• **Requirement**: Restate word for word the lines below from the one that has "全体毕业班任课教师在王赟主任" through the one that has "Evolution du prix au m² médian des maisons", keeping both and dropping all pictures.

• **Given records**:
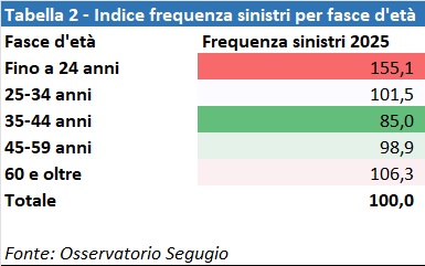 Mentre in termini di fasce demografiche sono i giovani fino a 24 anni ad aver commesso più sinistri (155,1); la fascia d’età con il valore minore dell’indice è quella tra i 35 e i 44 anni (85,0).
--
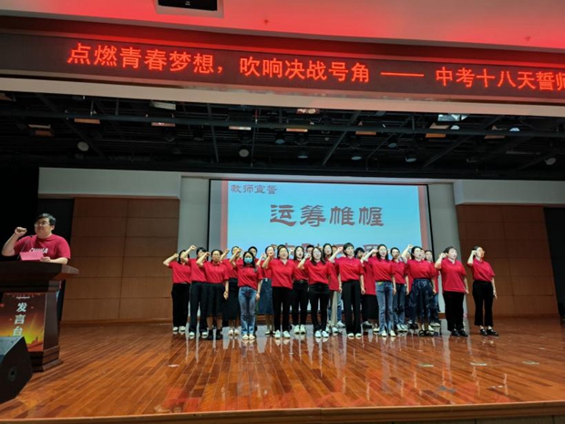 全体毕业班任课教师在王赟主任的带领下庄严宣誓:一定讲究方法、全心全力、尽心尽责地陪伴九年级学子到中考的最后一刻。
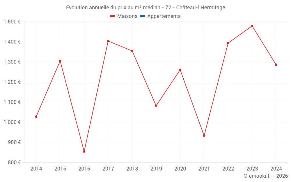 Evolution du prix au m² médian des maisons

• **Result of this exercise**:
 全体毕业班任课教师在王赟主任的带领下庄严宣誓:一定讲究方法、全心全力、尽心尽责地陪伴九年级学子到中考的最后一刻。
 Evolution du prix au m² médian des maisons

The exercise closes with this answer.